What will Google’s ‘carousel’ mean for local search?

Last week, Google’s “carousel” search feature has appeared for more searches. It looks like it is still being tested, but this already looks like a powerful feature for local search. We’ve included lots of links to screenshots in this post to help you better understand what’s going on.

Carousel? What’s that?

Instead of appearing in a list, many searches for local business categories now appear in a kind of slide show at the top of the page.

Let’s look at an example. Type, say, “donuts in Chicago” into Google. Notice how all of the local results now appear at the top of the page, while sites that would normally rank higher than local businesses–such as Yelp and Urbanspoon–now appear in a list below. (If you don’t get a carousel when you search, here’s what it looks like.)

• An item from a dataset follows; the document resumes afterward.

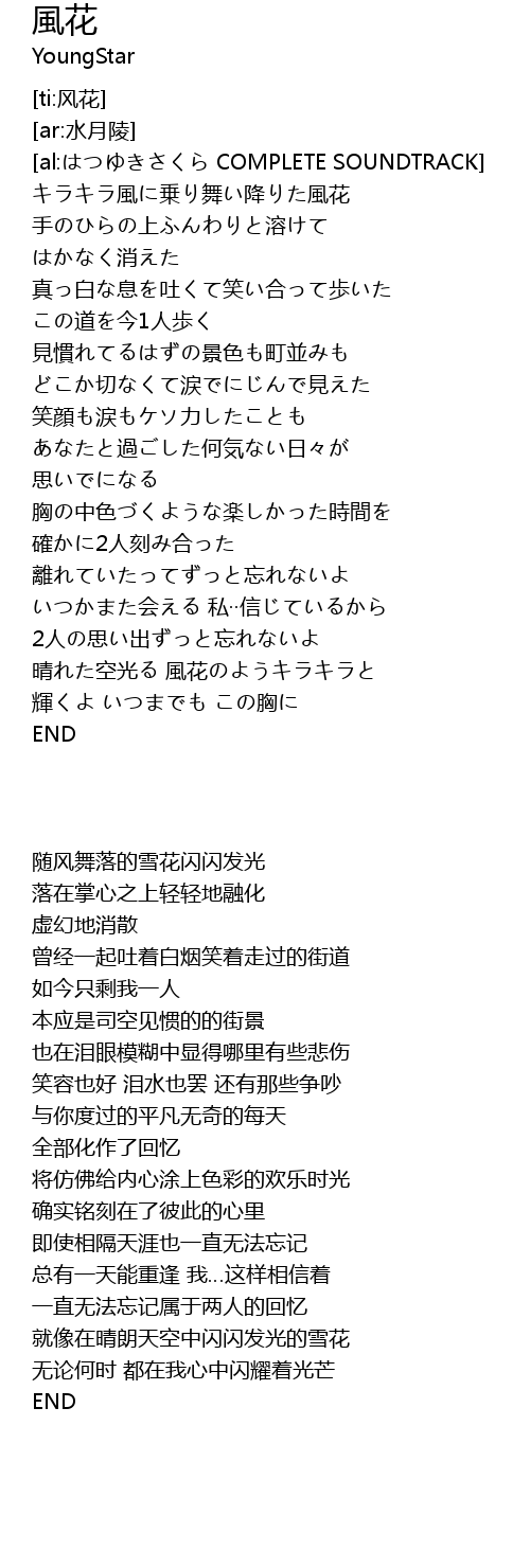 | [00:38.880] | キラキラ風に乗り舞い降りた風花 |

Now, try mousing over a result in the carousel. See how the result is highlighted on the map below? You can use this small map to zoom in or move to another area, which will then affect the carousel’s results. Try zooming in a couple clicks or clicking and dragging the map to see how the results change. Cool, right?

Next, click on a carousel result. This will take you to the search page for that specific business where more details are listed, such as reviews, price range, contact info, etc.

google carousel local search

Clicking on a carousel result alters the entire search

You said this is still in testing. What’s wrong with it?

Honestly, a lot.

1. For starters, the carousel doesn’t seem to appear on all browsers and device types yet. You may have noticed this when you tried the above example.

2. It’s currently unclear how the carousel results are ranked. It seems like the businesses with the higher rating score on a 0-30 scale (the same one Zagat uses) are clustered more towards the left, but this isn’t always the case. And on that note, the Zagat score seems to be based on Google reviews alone unless it says “Zagat” next to the score (another way in which Google is pushing Google+), so it’s possible that reviews from other places or more traditional ranking factors are also at play.

3. Not all business categories or locations have a carousel, at least not right now. For example, the search “donuts in Chicago” that we used above has a carousel while “swimming pools in Chicago” and “donuts in Columbia, MO” do not.

4. That Zagat rating score a is confusing to some users, and is inconsistent with Google’s current map search, which shows ratings on a 5-star scale. It’s unclear whether the Zagat scale or the star scale will be used on the carousel (and on Maps and Google+) once the new Google Maps is rolled out for everyone.

5. It takes at least two clicks from the carousel to get to the business’s website. Instead of being listed in the box to the right when the carousel image is clicked, the website appears on the list to the left. In the old search, an address and a phone number appeared with the result, without the need for an extra click.

What does this mean for my business?

—The carousel could potentially have significant effects. Even with its kinks, the carousel greatly increases visibility for local searches, even for businesses which may not have ranked well before.

—Since they are front-and-center, reviews are going to be even more important.

—Because the review numbers Google is using (at least for now) are based on Google+ reviews, Google+ presence just became even more crucial.